> **Data to use**
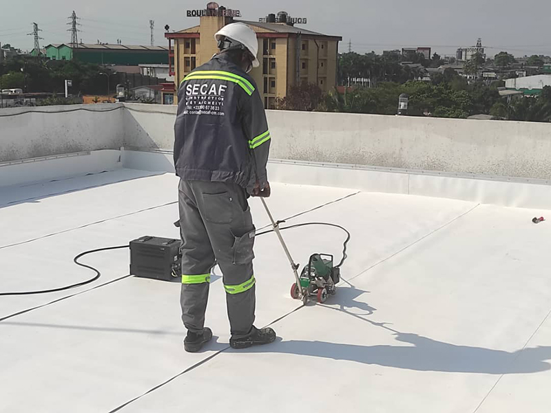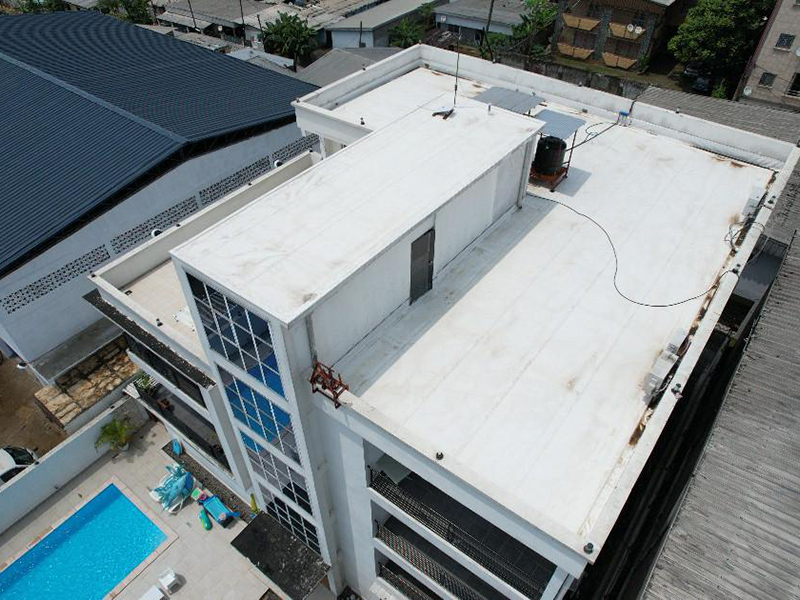 Waterproofing renovation of a terrace including: - Slope correction using a cement mortar modified with KÖSTER SB Bonding for improved adhesion and reduced cracking - Installation of KÖSTER TPO membrane system by hot-air welding to ensure long-term waterproofing of the roof slab
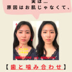 歯の不具合があると、噛むときの筋肉に負担がかかり、こわばりや引きつれを起こします。その結果、片側の筋肉ばかり緊張し、顔が左右に引っ張られるように歪んでいきます。さらに、血流やリンパの流れも滞るため、むくみやたるみの進行にも直結します。
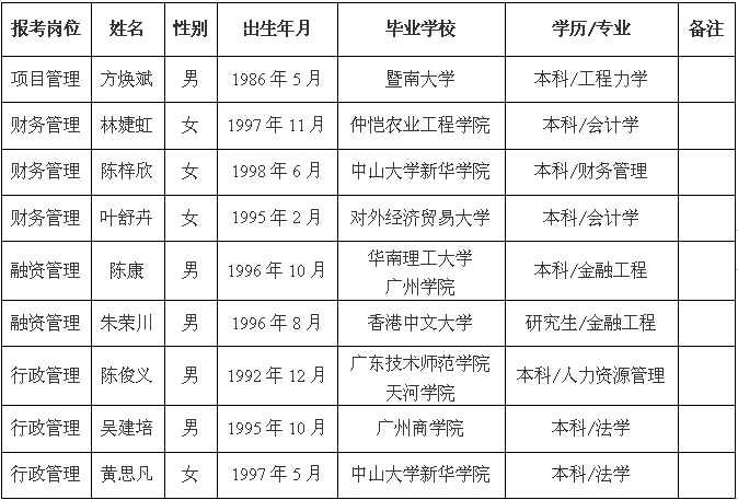 根據(jù)揭陽(yáng)市投資控股集團(tuán)有限公司的委托,我公司經(jīng)組織報(bào)名、資格審查、筆試、面試、體檢、政審等程序,現(xiàn)確定下列人員為揭陽(yáng)市投資控股集團(tuán)有限公司擬聘用人員并公示如下:
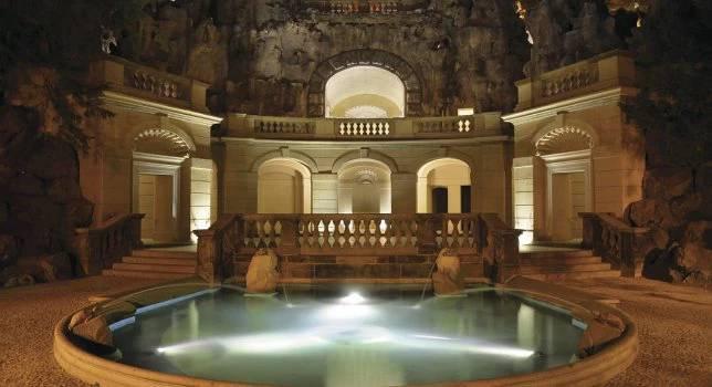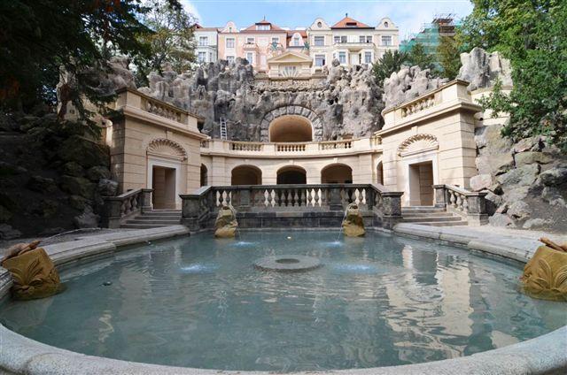 Grotta - Umělá jeskyně grotta byla začleněna do parkového areálu jako romantizující prvek. Samotné stavbě předcházely studijní cesty architekta Barvitia, stavitele Havla a jeho asistenta do Itálie a Německa. Umělá krápníková jeskyně byla nakonec postavena a obklopena skalkami podle modelu Josefa Vorlíčka. Grotta byla kompletně rekonstruována (nákladem cca 40 milionů Kč) v letech 2010 až 2011. Před grottou se nachází kašna se sochou Neptuna od Bohuslava Schnircha. Socha byla řadu let uložena depozitáři a po rekonstrukci byla roku 2014 znovu instalována. V grottě byly natočeny některé scény (netvorův zámek) filmu Panna a netvor z roku 1978.
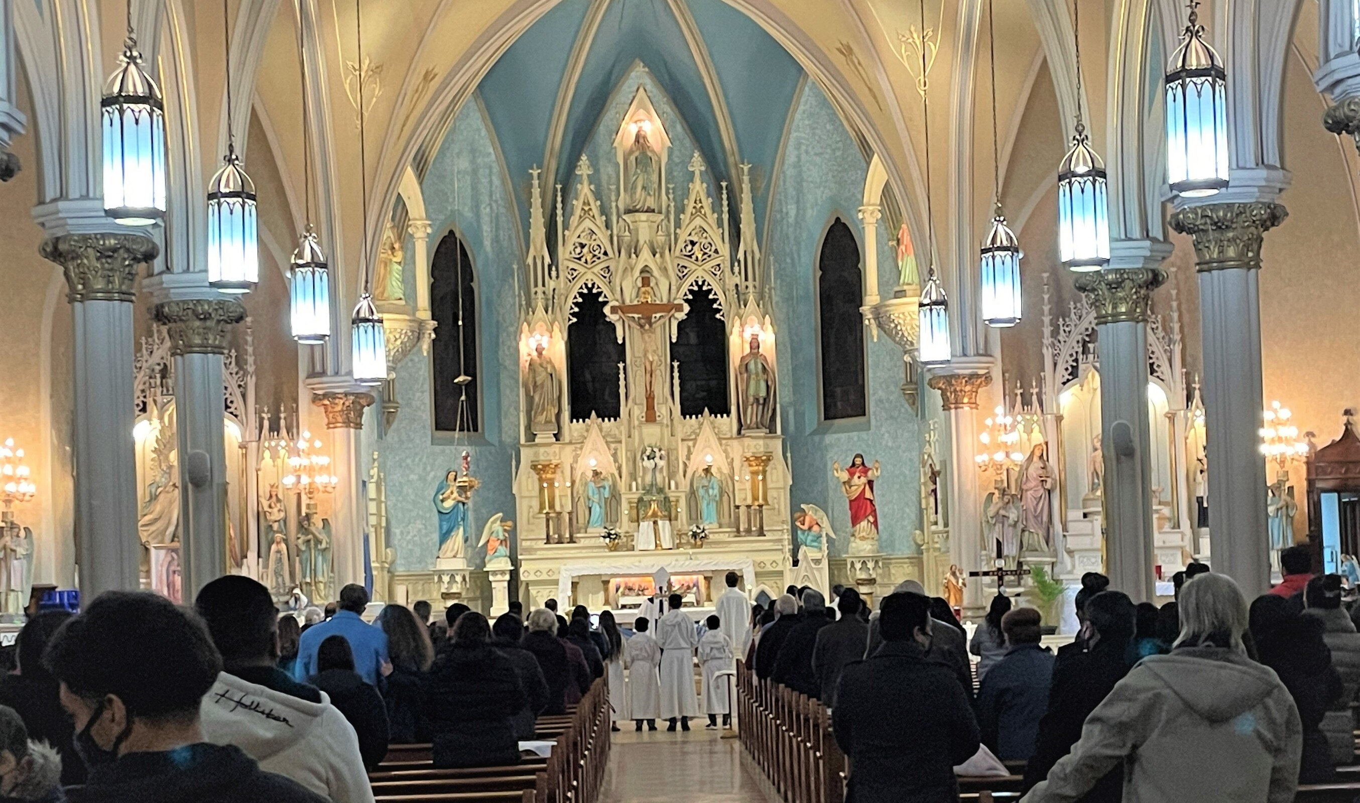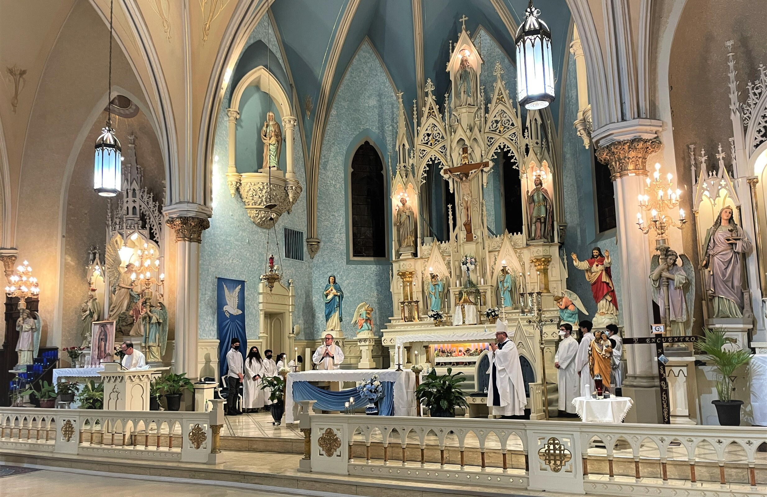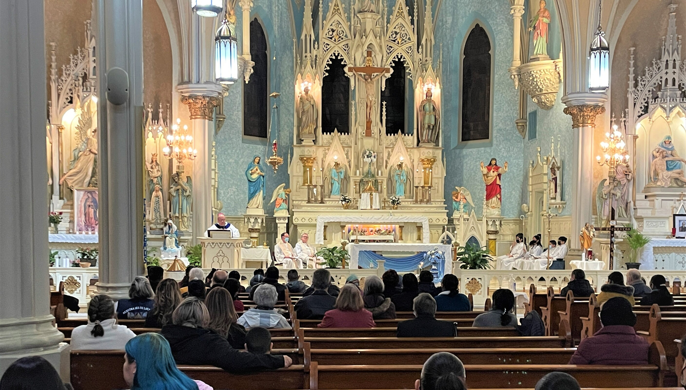The bilingual Mass in Spanish and English attracted quite a few people. Father Joseph Callahan, pastor, welcomed the bishop before Mass.

> **Required action**
Return the listing above in full and without alteration, excluding its pictures.

> **Solved problem**
 Waterproofing renovation of a terrace including: - Slope correction using a cement mortar modified with KÖSTER SB Bonding for improved adhesion and reduced cracking - Installation of KÖSTER TPO membrane system by hot-air welding to ensure long-term waterproofing of the roof slab
 歯の不具合があると、噛むときの筋肉に負担がかかり、こわばりや引きつれを起こします。その結果、片側の筋肉ばかり緊張し、顔が左右に引っ張られるように歪んでいきます。さらに、血流やリンパの流れも滞るため、むくみやたるみの進行にも直結します。
 根據(jù)揭陽(yáng)市投資控股集團(tuán)有限公司的委托,我公司經(jīng)組織報(bào)名、資格審查、筆試、面試、體檢、政審等程序,現(xiàn)確定下列人員為揭陽(yáng)市投資控股集團(tuán)有限公司擬聘用人員并公示如下:
 Grotta - Umělá jeskyně grotta byla začleněna do parkového areálu jako romantizující prvek. Samotné stavbě předcházely studijní cesty architekta Barvitia, stavitele Havla a jeho asistenta do Itálie a Německa. Umělá krápníková jeskyně byla nakonec postavena a obklopena skalkami podle modelu Josefa Vorlíčka. Grotta byla kompletně rekonstruována (nákladem cca 40 milionů Kč) v letech 2010 až 2011. Před grottou se nachází kašna se sochou Neptuna od Bohuslava Schnircha. Socha byla řadu let uložena depozitáři a po rekonstrukci byla roku 2014 znovu instalována. V grottě byly natočeny některé scény (netvorův zámek) filmu Panna a netvor z roku 1978.
The bilingual Mass in Spanish and English attracted quite a few people. Father Joseph Callahan, pastor, welcomed the bishop before Mass.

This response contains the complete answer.